“Buy high, sell low.” That’s been my lifelong motto when engaging in any sort of business transaction. And that’s what I told an acquaintance one day – an immigrant from Europe who was dating a relative of mine.
To say he was speechless would be an understatement; and he didn’t ordinarily have any difficulty finding words.
What’s that you say? I’ve got it backwards? No doubt, that acquaintance assumed I was either joking or confused.
Sorry, no: I was neither. I stated it just right, and meant exactly what I said. When it comes to business ventures of any sort, that’s how my life has always gone. That little phrase is in fact the story of my financial life.
For the business-minded and entrepreneurial among us, buying at a low price and selling for a higher one is indeed the correct method. That’s the one that yields a profit in the end: the essence of capitalism, the one that allows you to make money from whatever you’re trying to sell.
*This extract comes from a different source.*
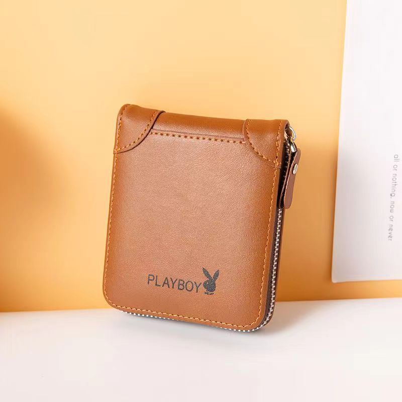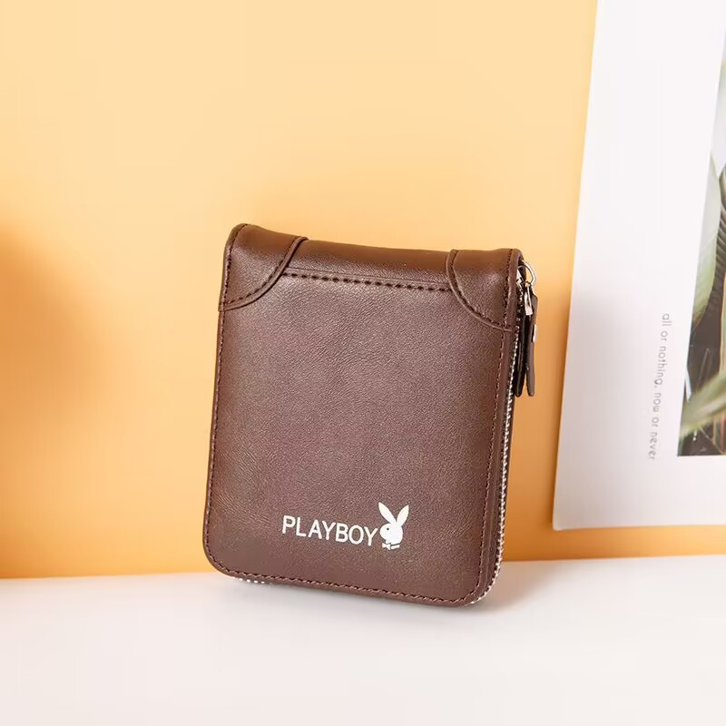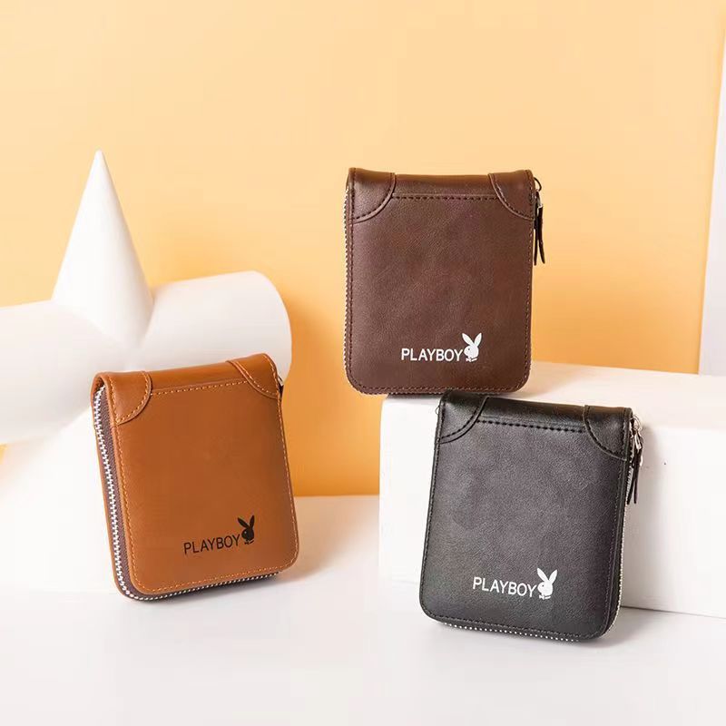 정품 플레이 보이 하이 엔드 지갑 레트로 남자 짧은 다기능 한국 스타일 지갑 카드 홀더 운전 면허 지퍼 백

My lack of business acumen started early, as a 10-year-old struggling to sell metal nameplates door to door. To the best of my recollection, I sold nary a one. A few years later, having failed to find a real part-time job while in college, I became a salesman for Winfield China – a company that used door-to-door salespeople to push dinnerware sets on young women who were contemplating marriage. After months of feeble effort, I sold one set – to a friend who actually wanted one.
Next business failure was a stint with the Book of Knowledge, a second-rate encyclopedia set that was popular at the time. We’d be given leads of likely prospects by our sales manager, then went in pairs to visit the unwary folks – usually young couples with small children.
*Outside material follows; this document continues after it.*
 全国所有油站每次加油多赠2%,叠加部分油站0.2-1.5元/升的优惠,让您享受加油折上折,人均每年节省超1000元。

We weren’t “salesmen,” of course. We were compelled to represent ourselves as office workers for the company, who were simply trying to “place” the encyclopedias with a few selected families in the area, as a promotional gesture.
After making our rounds each evening, we’d meet back at a coffee shop with the sales manager. Eventually, he got tired of hearing me say, over and over, that I’d sold nothing. Then one day, I made an actual sale – to a couple who wanted the encyclopedias so badly that even my meager sales pitch couldn’t dissuade them from signing on the dotted line. Realizing that this was not the route to business success, I departed from that organization immediately afterward, glad that I’d been able to chalk up at least one sale along the way.
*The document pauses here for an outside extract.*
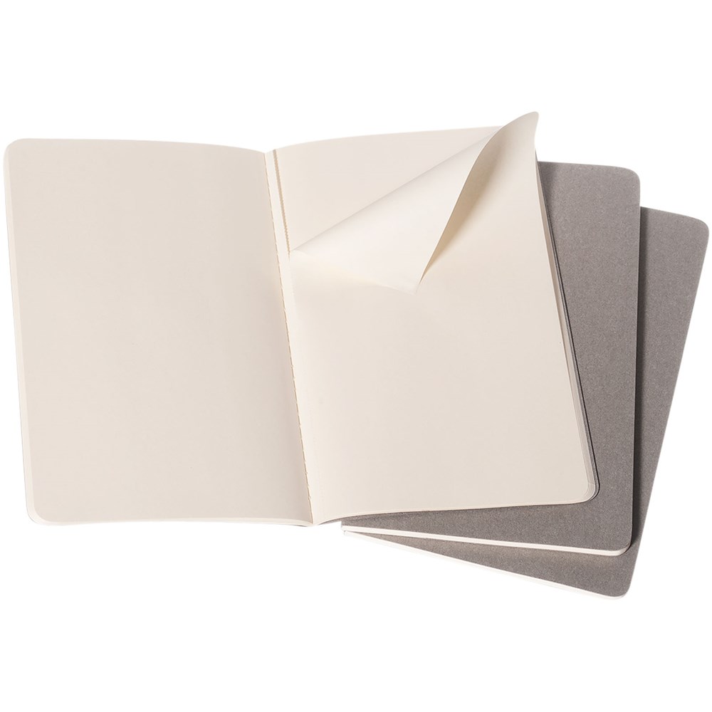 Bevat een kartonnen omslag met afgeronde hoeken. Zichtbare stiksels op de rug, met een flap voor losse notities. Bevat 80 70 gsm ivoorkleurige effen pagina's. De laatste 16 vellen zijn uitscheurbaar. Pagina's zijn ook verkrijgbaar met lijntjes, stippen en ruitjes.

Even that teeny success wasn’t to be when I tried my hand as a telemarketer – or phone solicitor, as we were called in those days. A longtime friend was in this business at the time, demonstrating true skill at setting up appointments for a home-improvement company. Not a day passed when he didn’t manage to acquire at least one solid prospect. During my brief stint on the phones (which I dreaded), my scorecard of appointments made revealed a big fat zero. None.